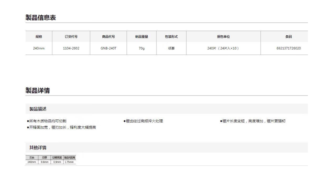 田岛(TAJIMA)日式快速板鋸片240耐久刃 1104-2602
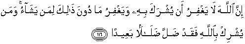 116. Sesungguhnya Allah tidak mengampuni dosa mempersekutukan (sesuatu)
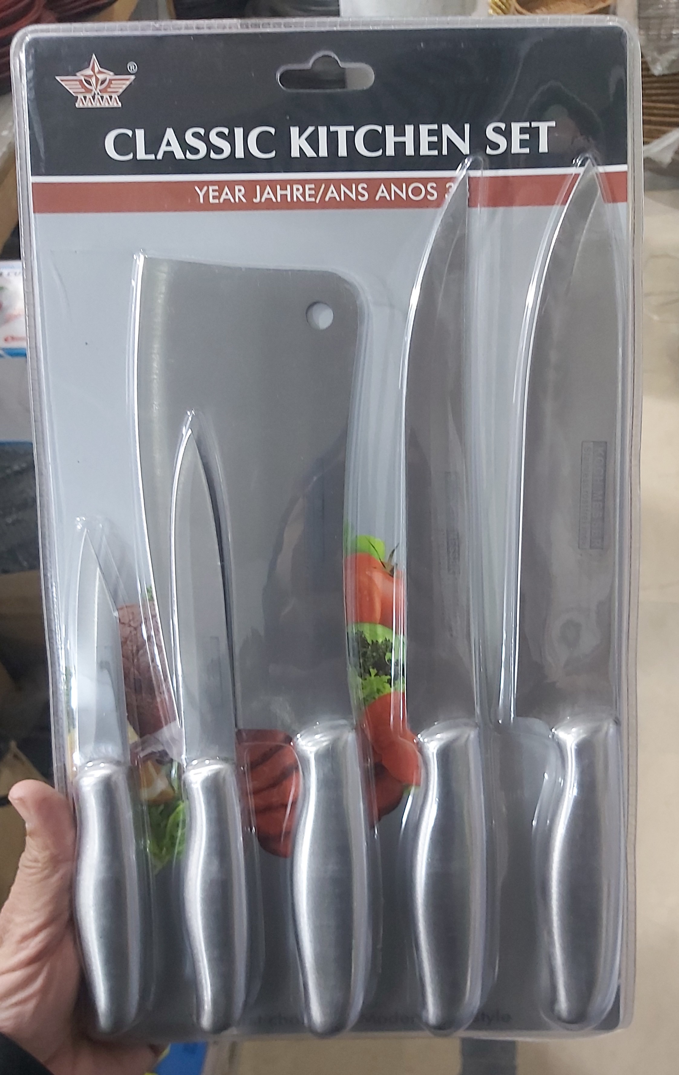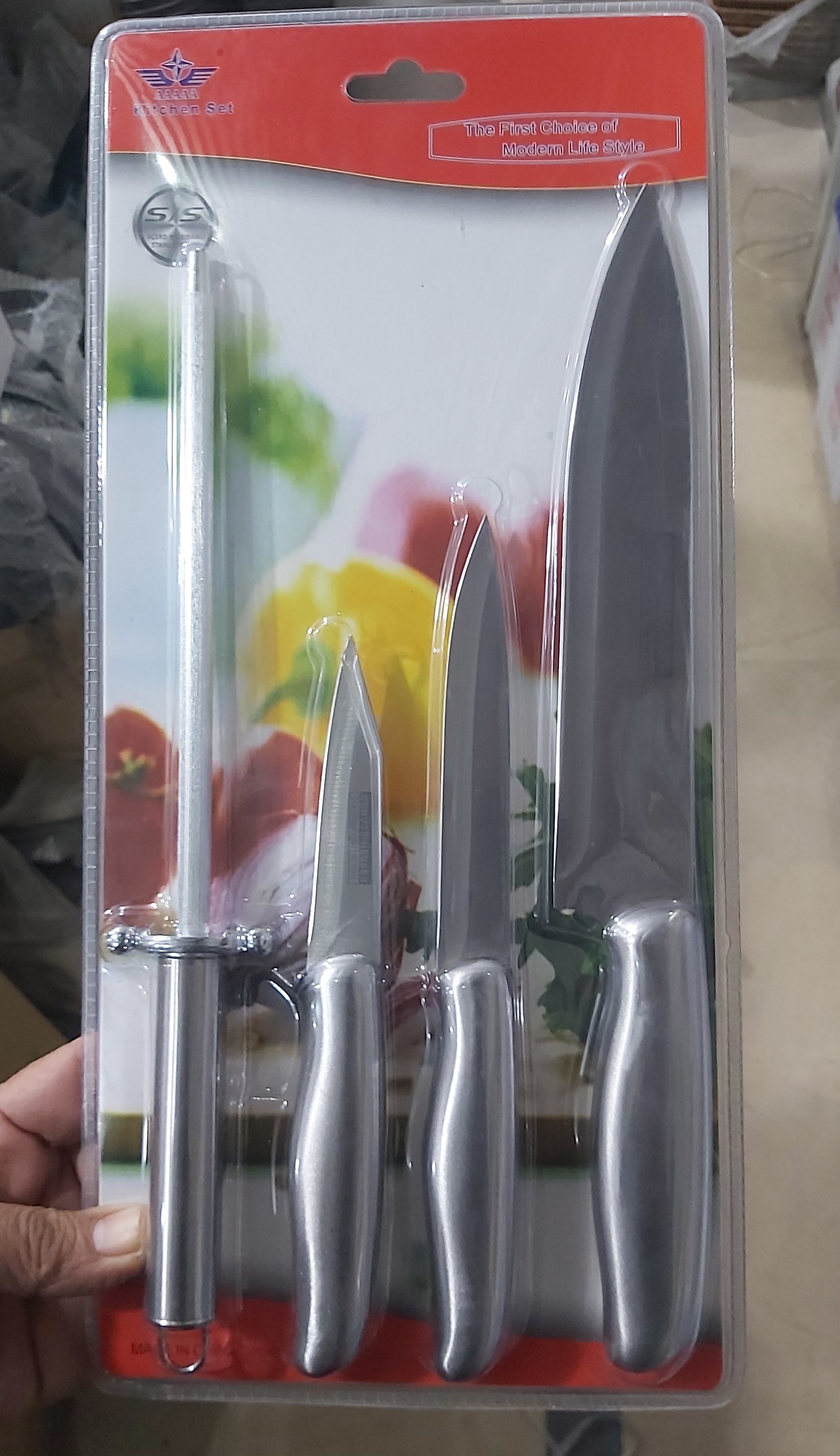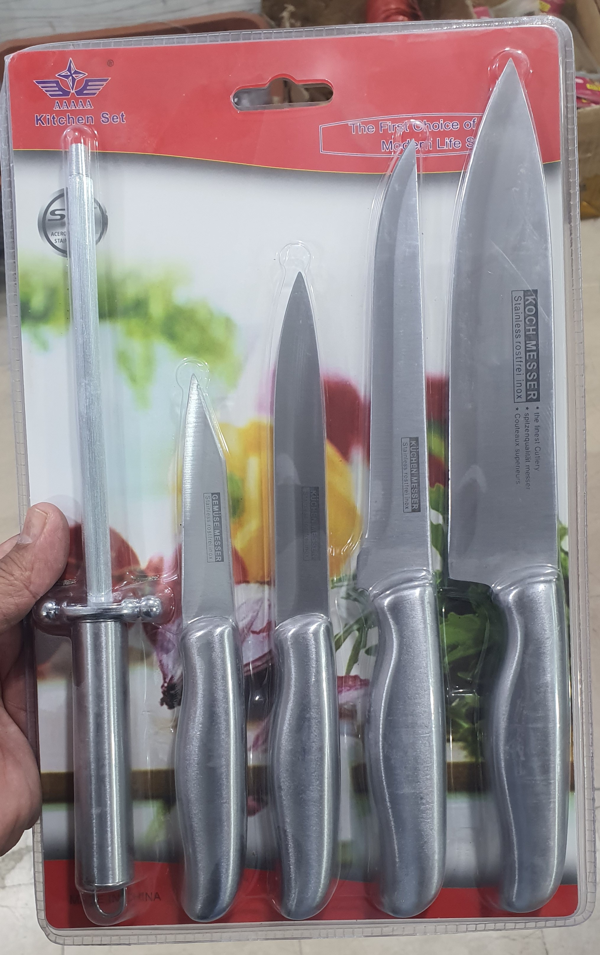 This 5-piece and 4piece Stainless Steel Knife Set is a must-have for any home cook. The set includes 5 different knives, each with a sharp blade that makes cutting and chopping a breeze. The set also comes with a sharpener to keep your knives in top condition. Made from high-quality stainless steel, these knives are durable and long-lasting. The classic design of the knives will complement any kitchen decor. Whether you're a professional chef or a home cook, this knife set is perfect for all your cooking needs.
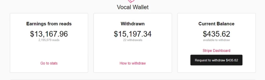 - You earn $6 per 1,000 reads, whereas a non-Vocal+ creator earns $3.8.
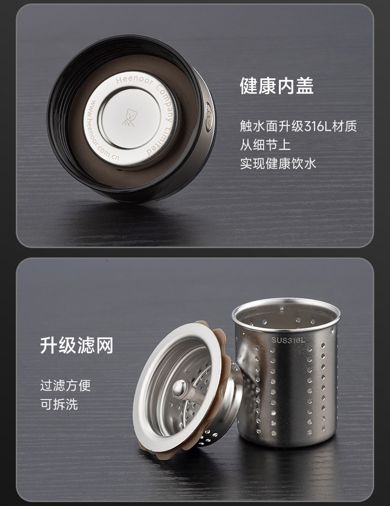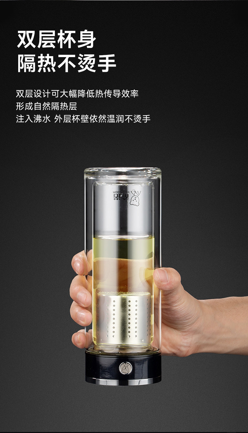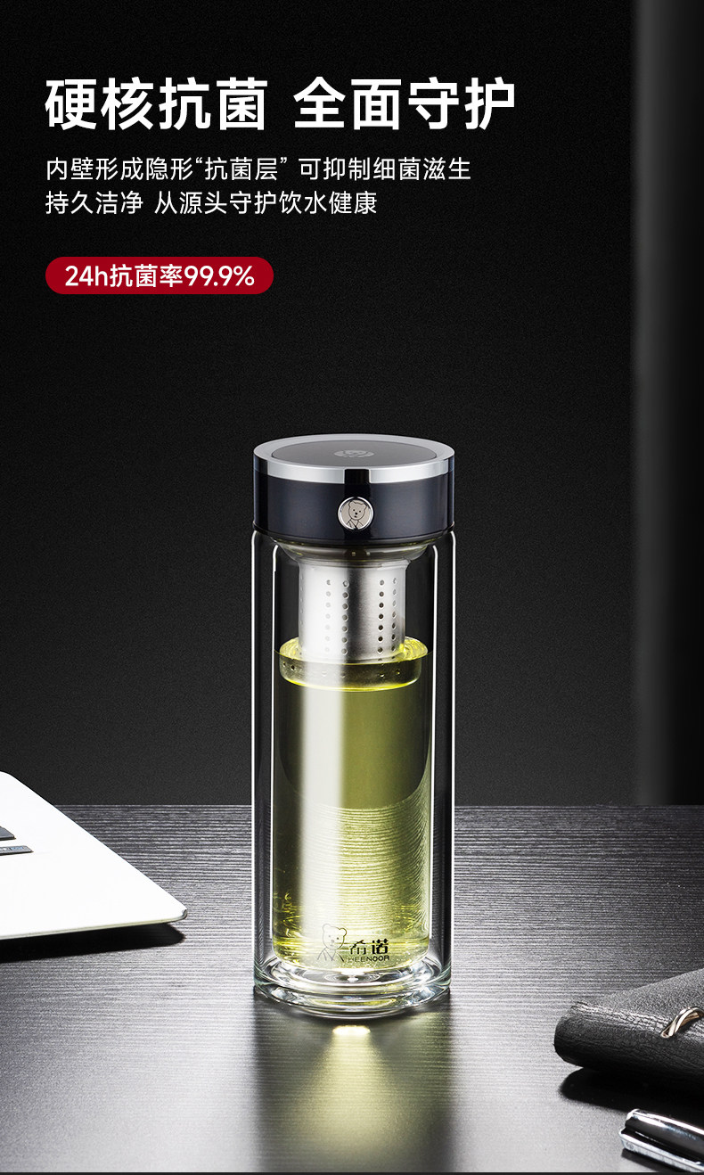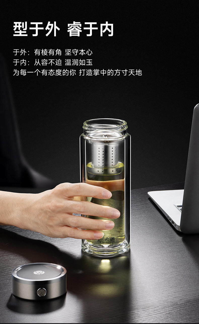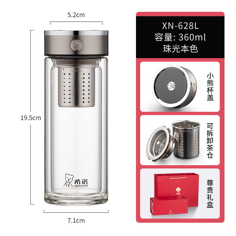 代发希诺(heenoor)双层抗菌玻璃杯男士茶水分离泡茶杯办公室水杯大容量透明杯子 【传奇系列】XN-627L
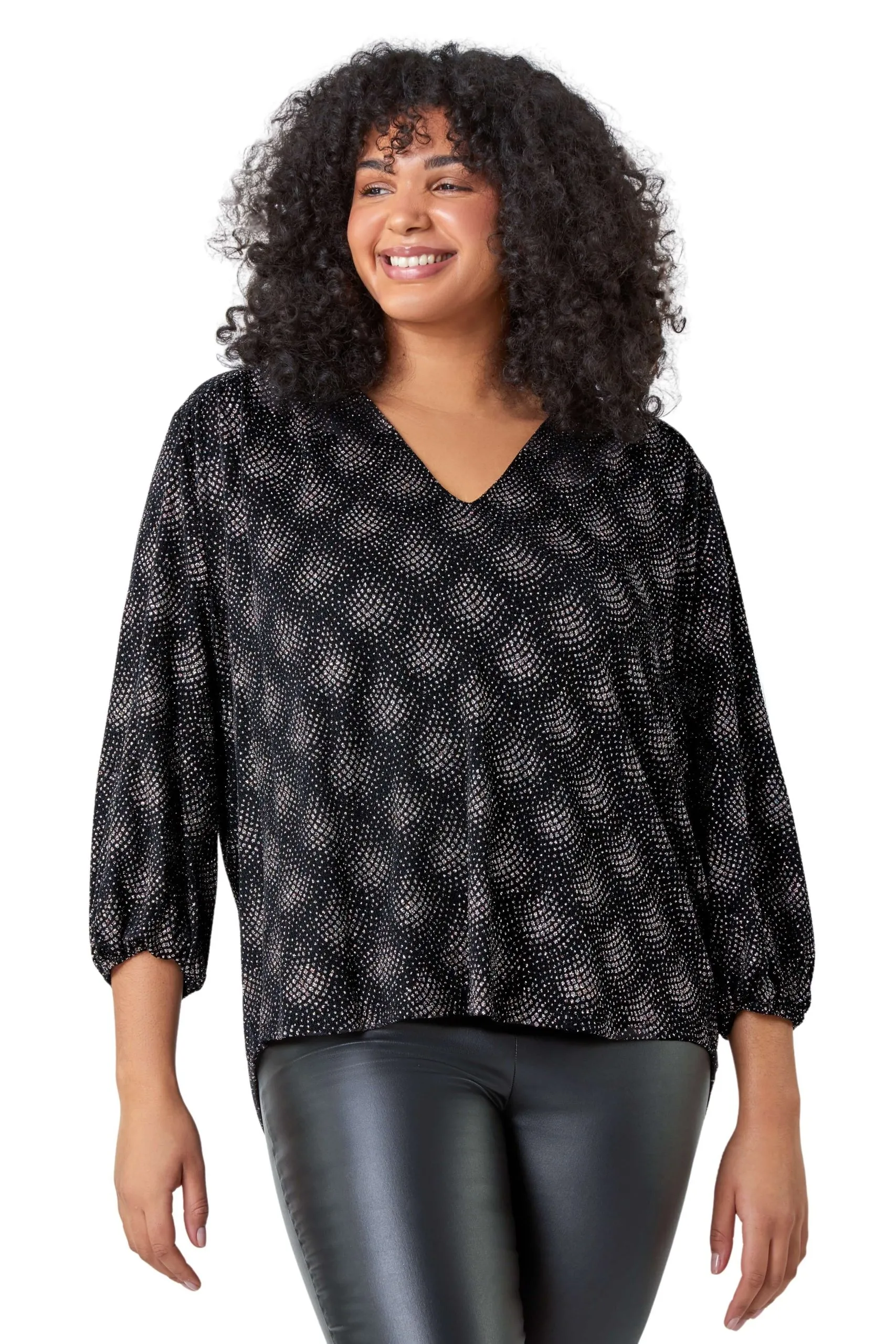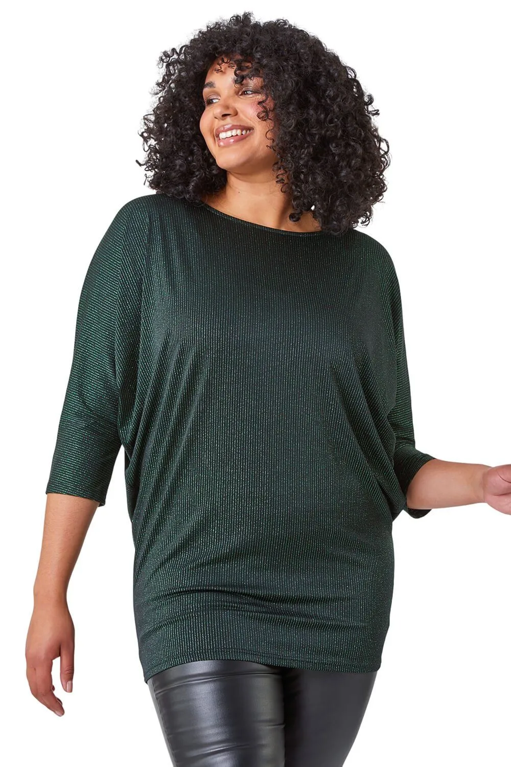 Sale!Curve Glitter Stripe Blouson Stretch Top
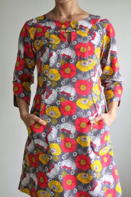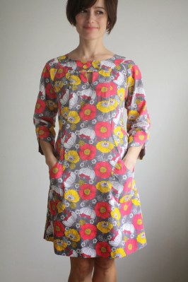 I love this dress so much! Too bad the pattern is OOP :(. All the mod details are so sweet and your fabric choice is perfect!
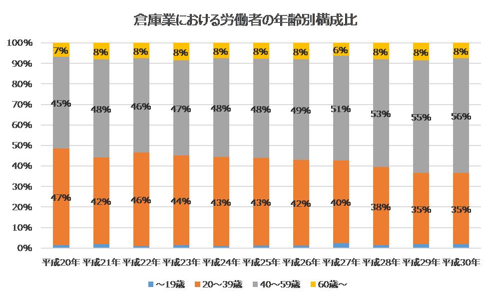 また、厚生労働省が発表している「賃金構造基本統計調査」から倉庫業における労働者の年齢別の構成比を算出して見てみると平成20年~平成30年にかけて39歳以下は減少しているのに対して40歳以上の労働者が増加していることが読み取れます。
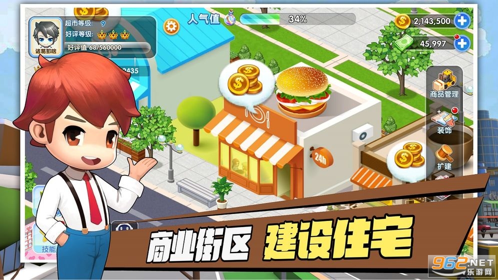 开心超市红包版是一款趣味模拟经营类游戏,经营一家自己的超市,上架各种类型的商品来满足顾客的日常生活需求,同时不断的扩张经营的规模来容纳更多顾客的消费,赚钱更多金币来兑换红包大奖。
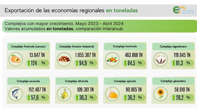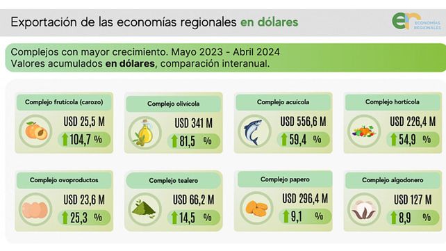 Con esta caída, las exportaciones regionales alcanzaron los USD 7.425 millones exportados en el período mayo 2023 – abril 2024, habiendo importado USD 961 millones, lo que arroja un superávit comercial de USD 6.464 millones.
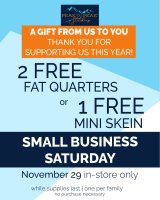 Stop by the shop on Small Business Saturday and get a free gift just for stopping by because we love our customers, while supplies last. (Online shoppers will get a free gift with purchase.)
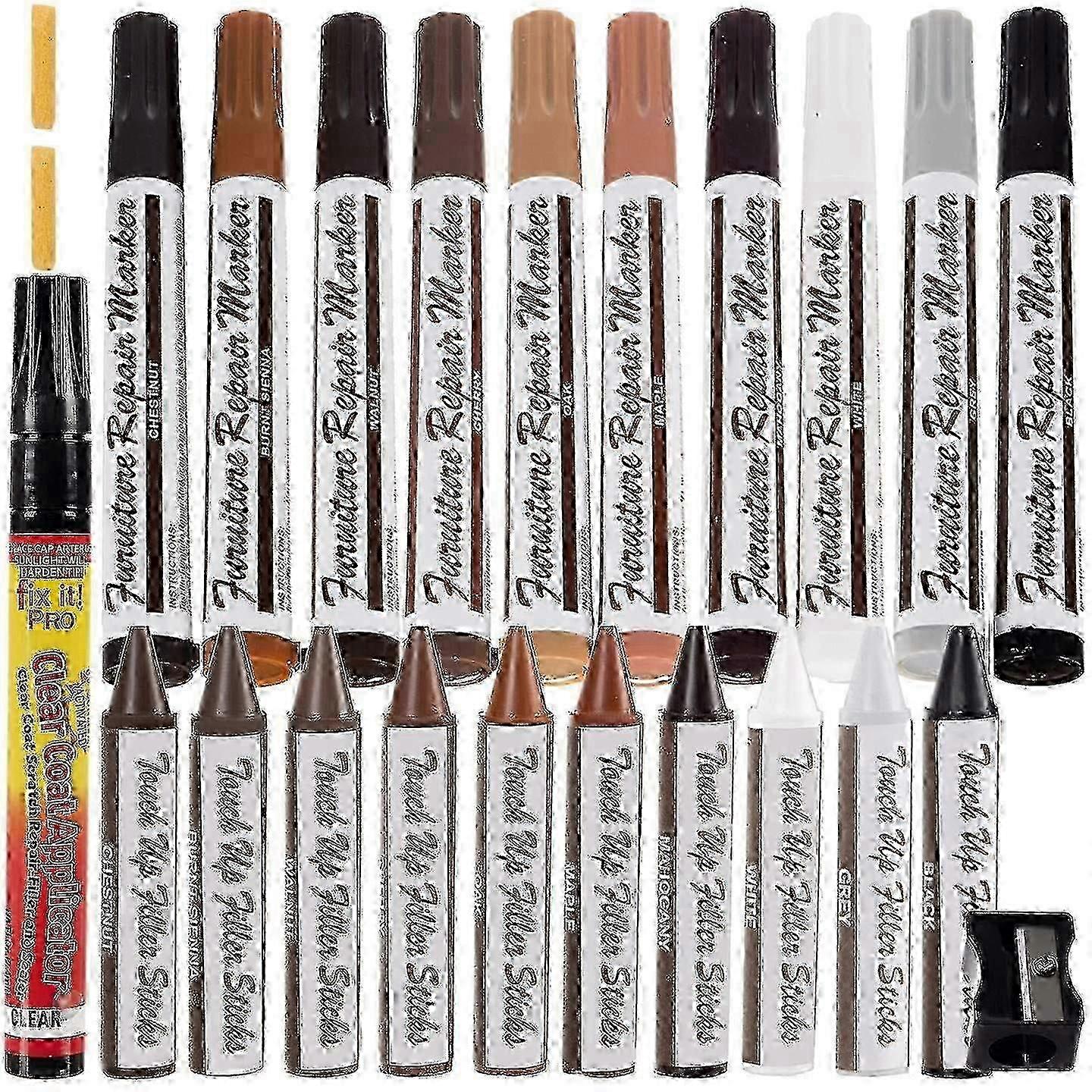 With this repair kit you can hide dull scratches and damage to your wooden floors, tables, doors or wooden furniture. The kit includes wood shades such as mahogany, maple, oak, cherry, walnut, sienna and chestnut along with a black, white and uncolored pencil. Fill in the damage with wax chalk and then paint over with a suitable wood shade. - Hides scratches, cracks and minor damage - Includes a variety of wood shades - Easy to use Specifications: Color: Multicolored Material: Plastic Includes: 11 pencils, 10 wax crayons, pencil sharpener Note: Due to the light and screen setting difference, the item's color may be slightly different from the pictures. Please allow slight dimension difference due to different manual measurement.
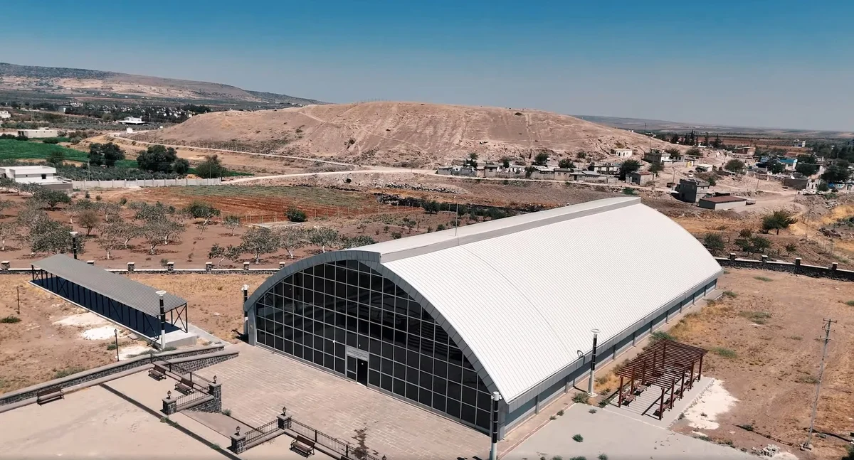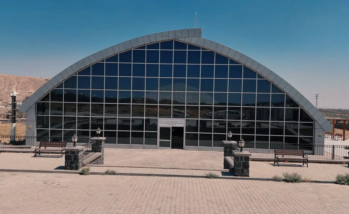 Aidesim Mozaikli Bazilikası, modern mimarisi ve açık ferah yapısıyla dini yapılar kategorisinde dikkat çekiyor. Bu resim, cam cepheli yapının mavi gökyüzü altında nasıl bir atmosfer sunduğunu gösteriyor! Kilis'te yer alan bu bazilika, tarihi ve modern unsurları bir araya getiriyor.
---------------
ABOUT THIS EXERCISE: Using the entries above, extract exactly the lines from the one that contains "This 5-piece and" through the one that contains "开心超市红包版是一款趣味模拟". Do not carry over any pictures.

ANSWER TO THIS EXERCISE:
 This 5-piece and 4piece Stainless Steel Knife Set is a must-have for any home cook. The set includes 5 different knives, each with a sharp blade that makes cutting and chopping a breeze. The set also comes with a sharpener to keep your knives in top condition. Made from high-quality stainless steel, these knives are durable and long-lasting. The classic design of the knives will complement any kitchen decor. Whether you're a professional chef or a home cook, this knife set is perfect for all your cooking needs.
 - You earn $6 per 1,000 reads, whereas a non-Vocal+ creator earns $3.8.
 代发希诺(heenoor)双层抗菌玻璃杯男士茶水分离泡茶杯办公室水杯大容量透明杯子 【传奇系列】XN-627L
 Sale!Curve Glitter Stripe Blouson Stretch Top
 I love this dress so much! Too bad the pattern is OOP :(. All the mod details are so sweet and your fabric choice is perfect!
 また、厚生労働省が発表している「賃金構造基本統計調査」から倉庫業における労働者の年齢別の構成比を算出して見てみると平成20年~平成30年にかけて39歳以下は減少しているのに対して40歳以上の労働者が増加していることが読み取れます。
 开心超市红包版是一款趣味模拟经营类游戏,经营一家自己的超市,上架各种类型的商品来满足顾客的日常生活需求,同时不断的扩张经营的规模来容纳更多顾客的消费,赚钱更多金币来兑换红包大奖。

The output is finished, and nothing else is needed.